• **Supplied records**
————————

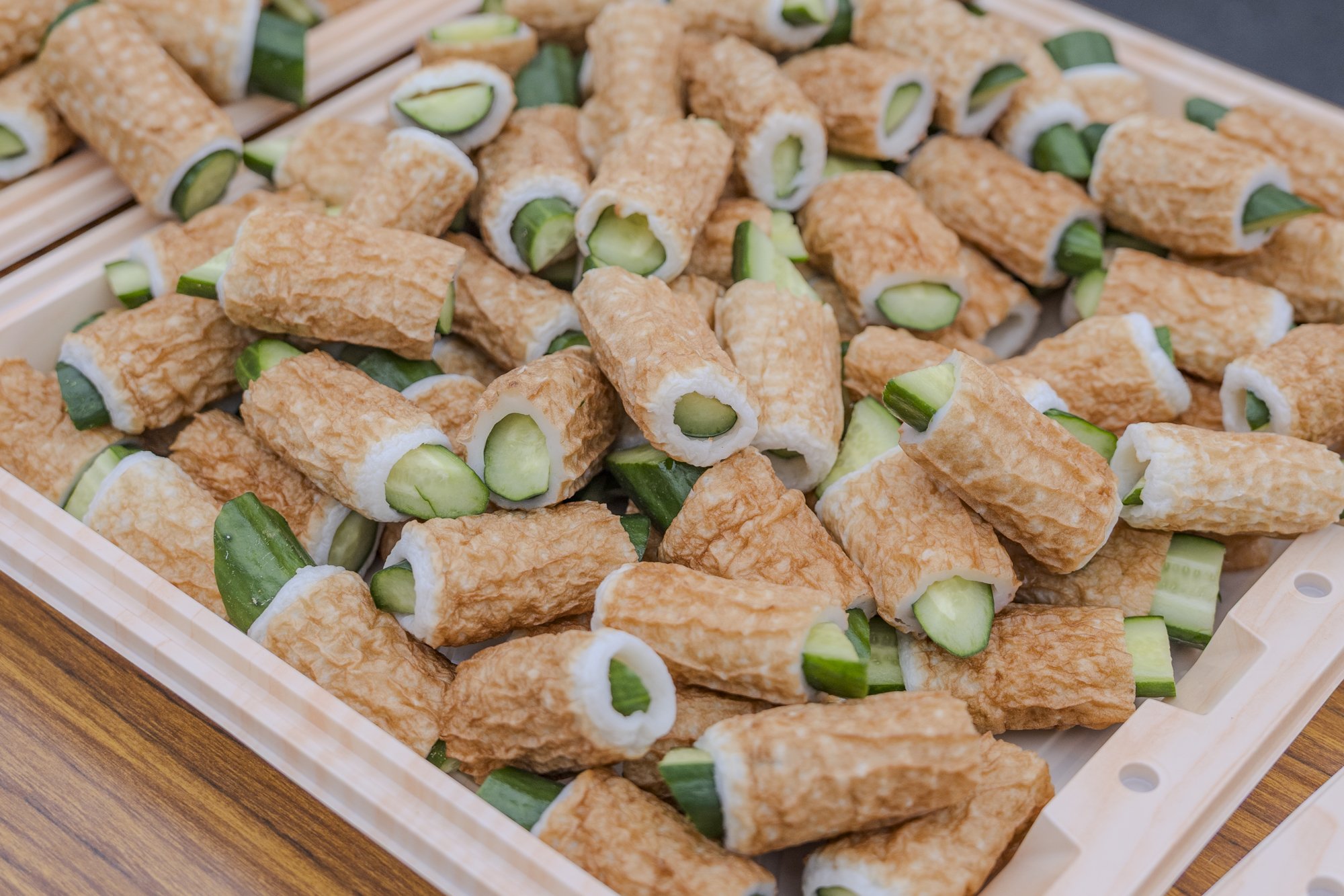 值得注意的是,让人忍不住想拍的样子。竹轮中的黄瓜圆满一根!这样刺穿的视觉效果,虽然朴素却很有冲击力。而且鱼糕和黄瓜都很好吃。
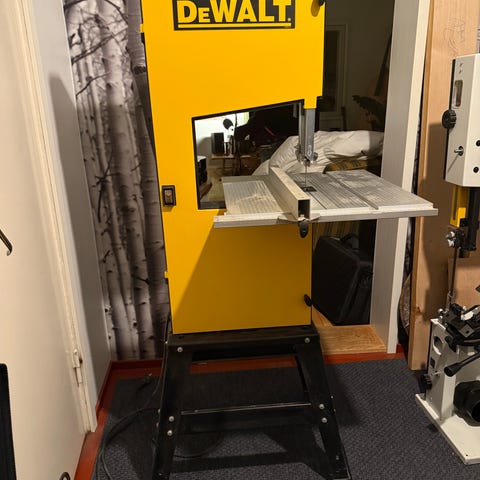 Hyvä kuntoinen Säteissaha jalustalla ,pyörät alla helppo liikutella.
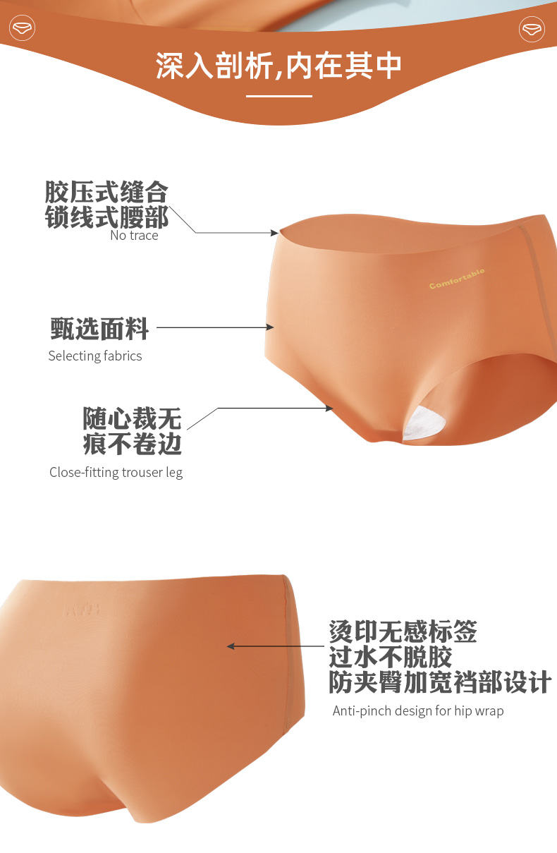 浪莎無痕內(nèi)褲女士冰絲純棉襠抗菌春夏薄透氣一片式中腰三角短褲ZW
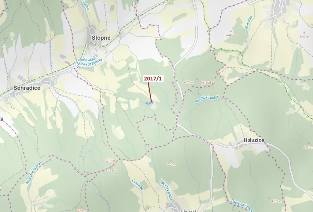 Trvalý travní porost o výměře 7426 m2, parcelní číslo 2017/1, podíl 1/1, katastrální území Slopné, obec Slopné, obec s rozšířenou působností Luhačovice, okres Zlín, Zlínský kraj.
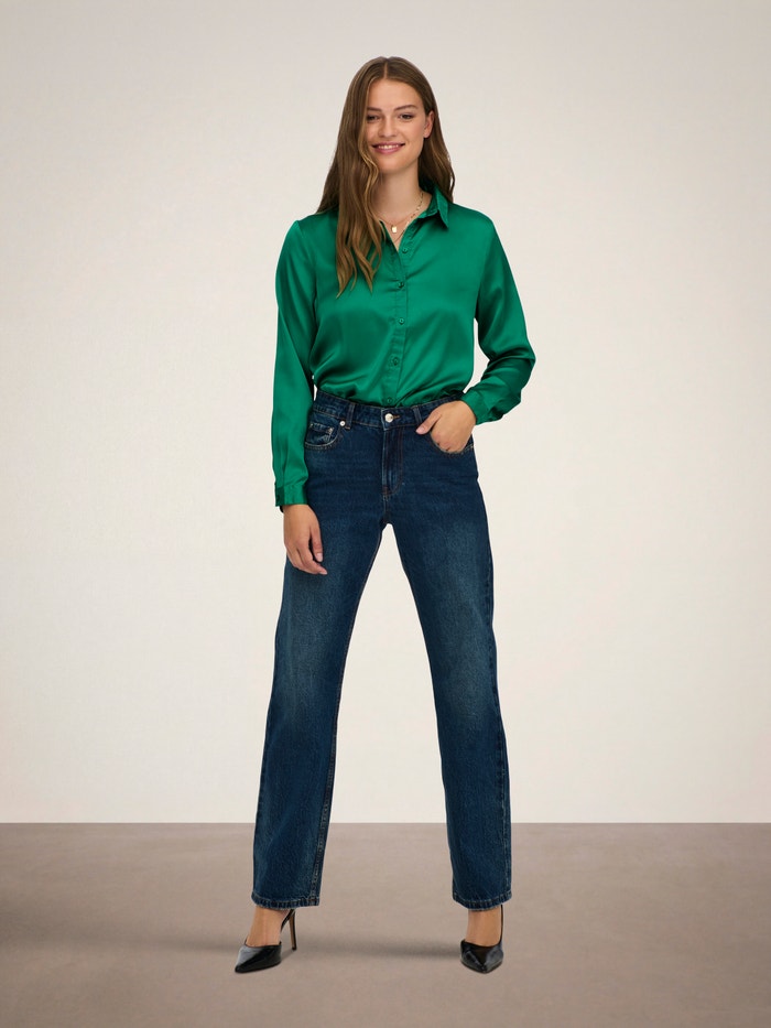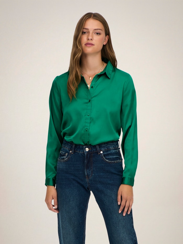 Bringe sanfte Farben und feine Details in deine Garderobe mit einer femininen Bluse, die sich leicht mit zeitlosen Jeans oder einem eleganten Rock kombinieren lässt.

————————

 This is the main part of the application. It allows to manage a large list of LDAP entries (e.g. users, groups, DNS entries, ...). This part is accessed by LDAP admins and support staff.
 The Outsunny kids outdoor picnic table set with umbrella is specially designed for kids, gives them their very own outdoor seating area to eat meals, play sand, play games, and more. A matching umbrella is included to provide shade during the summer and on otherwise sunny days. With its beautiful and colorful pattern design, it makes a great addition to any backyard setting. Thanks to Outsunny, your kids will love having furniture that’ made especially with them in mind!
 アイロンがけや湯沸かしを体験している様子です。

————————

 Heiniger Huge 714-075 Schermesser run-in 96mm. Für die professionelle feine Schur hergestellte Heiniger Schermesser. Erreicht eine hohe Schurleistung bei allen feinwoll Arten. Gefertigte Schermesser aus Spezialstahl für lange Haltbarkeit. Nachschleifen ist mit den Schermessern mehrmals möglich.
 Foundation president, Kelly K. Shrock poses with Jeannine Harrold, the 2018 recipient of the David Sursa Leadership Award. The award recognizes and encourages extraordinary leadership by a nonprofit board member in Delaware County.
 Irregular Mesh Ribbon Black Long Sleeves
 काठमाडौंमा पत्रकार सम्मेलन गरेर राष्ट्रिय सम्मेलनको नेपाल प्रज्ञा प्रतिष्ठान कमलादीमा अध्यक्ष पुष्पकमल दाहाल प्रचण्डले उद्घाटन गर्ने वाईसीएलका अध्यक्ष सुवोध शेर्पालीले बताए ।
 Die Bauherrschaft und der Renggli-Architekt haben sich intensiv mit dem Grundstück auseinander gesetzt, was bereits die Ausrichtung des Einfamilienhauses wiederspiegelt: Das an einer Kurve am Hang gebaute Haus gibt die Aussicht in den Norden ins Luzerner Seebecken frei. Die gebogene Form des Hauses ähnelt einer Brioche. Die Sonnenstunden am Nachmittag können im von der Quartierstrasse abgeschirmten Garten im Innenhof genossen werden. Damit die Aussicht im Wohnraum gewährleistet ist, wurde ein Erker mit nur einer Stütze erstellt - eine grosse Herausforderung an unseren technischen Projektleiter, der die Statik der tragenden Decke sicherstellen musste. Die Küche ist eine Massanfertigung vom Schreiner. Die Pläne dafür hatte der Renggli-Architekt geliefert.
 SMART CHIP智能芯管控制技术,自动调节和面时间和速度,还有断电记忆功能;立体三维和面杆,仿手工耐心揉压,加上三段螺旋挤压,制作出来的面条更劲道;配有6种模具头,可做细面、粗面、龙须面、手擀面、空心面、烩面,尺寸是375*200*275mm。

————————

• **Instructions to follow**
When you reach the line holding "值得注意的是,让人忍不住想拍" in the listing above, begin retyping exactly, and stop once the line holding "Bringe sanfte Farben" is done; pictures stay out.

• **Task response**
 值得注意的是,让人忍不住想拍的样子。竹轮中的黄瓜圆满一根!这样刺穿的视觉效果,虽然朴素却很有冲击力。而且鱼糕和黄瓜都很好吃。
 Hyvä kuntoinen Säteissaha jalustalla ,pyörät alla helppo liikutella.
 浪莎無痕內(nèi)褲女士冰絲純棉襠抗菌春夏薄透氣一片式中腰三角短褲ZW
 Trvalý travní porost o výměře 7426 m2, parcelní číslo 2017/1, podíl 1/1, katastrální území Slopné, obec Slopné, obec s rozšířenou působností Luhačovice, okres Zlín, Zlínský kraj.
 Bringe sanfte Farben und feine Details in deine Garderobe mit einer femininen Bluse, die sich leicht mit zeitlosen Jeans oder einem eleganten Rock kombinieren lässt.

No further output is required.